Hi Peter,
there was a Deadly Sin affecting the code; more precisely
there was an offence against the Second Commandment.
Please see: The Ten Commandments for C Programmers
(Annotated Edition) [1]
------------
2. Thou shalt not follow the NULL pointer, for chaos
and madness await thee at its end.
Clearly the holy scriptures were mis-transcribed here,
as the words should have been ``null pointer'', to
minimize confusion between the concept of null
pointers and the macro NULL (of which more anon).

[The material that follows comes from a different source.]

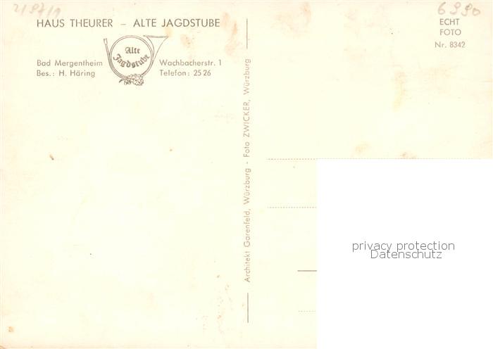 73857876 Bad Mergentheim Haus Theurer Alte Jagdstube postalisch nicht gelaufen Erhaltung siehe scans [FriedD77] KatCode: 11110008128007

Otherwise, the meaning is plain.
A null pointer points to regions filled with dragons,
demons, core dumps, and numberless other foul creatures,
all of which delight in frolicing in thy program if
thou disturb their sleep.
A null pointer doth not point to a 0 of any type,
despite some blasphemous old code which impiously
assumes this.
------------
Post Mortem Report
==================
The VirtualPG module starts by attempting to
establish a connection to PostgreSQL.
If the connection is successfully established
then a SQL query on behalf of the Postgres
metadata tables is executed so to extract
the fully qualified list of all Columns
belonging to the required Table.
If such Table doesn't exists (wrong/misspelled
Schema-name and/or Table-name) the above query
will obviously return an empty (0 rows) resultset.
And even more important, the C data structure
containing the Columns list will remain
uninitialized (pointing to NULL).
The old implementation lacked any elementary
precaution intended to handle in a proper
way the failing query, and a program crash
was the obvious consequence.
Applied patch: now the failing query nicely
reports an error and exit gracefully.